Excavation Learning for Rigid Objects in Clutter
This work addresses the problem of autonomous excavation for rigid objects in clutter, which is incremental as it builds on existing planning methods with a novel learning-based approach.
The paper tackles autonomous excavation of irregular rigid objects in clutter by proposing a learning-based planning method that uses a CNN to predict excavation success and a sampling-based optimizer for trajectory planning, achieving high-quality excavations and outperforming baseline methods by large margins.

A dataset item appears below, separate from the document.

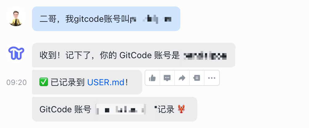 上来直接搞错方向,把我发的 GitCode 审核请求,当成了我对数字身份的要求,认认真真给我保存到了 USER.md 里。

Autonomous excavation for hard or compact materials, especially irregular rigid objects, is challenging due to high variance of geometric and physical properties of objects, and large resistive force during excavation. In this paper, we propose a novel learning-based excavation planning method for rigid objects in clutter. Our method consists of a convolutional neural network to predict the excavation success and a sampling-based optimization method for planning high-quality excavation trajectories leveraging the learned prediction model. To reduce the sim2real gap for excavation learning, we propose a voxel-based representation of the excavation scene. We perform excavation experiments in both simulation and real world to evaluate the learning-based excavation planners. We further compare with two heuristic baseline excavation planners and one data-driven scene-independent planner. The experimental results show that our method can plan high-quality excavations for rigid objects in clutter and outperforms the baseline methods by large margins. As far as we know, our work presents the first learning-based excavation planner for cluttered and irregular rigid objects.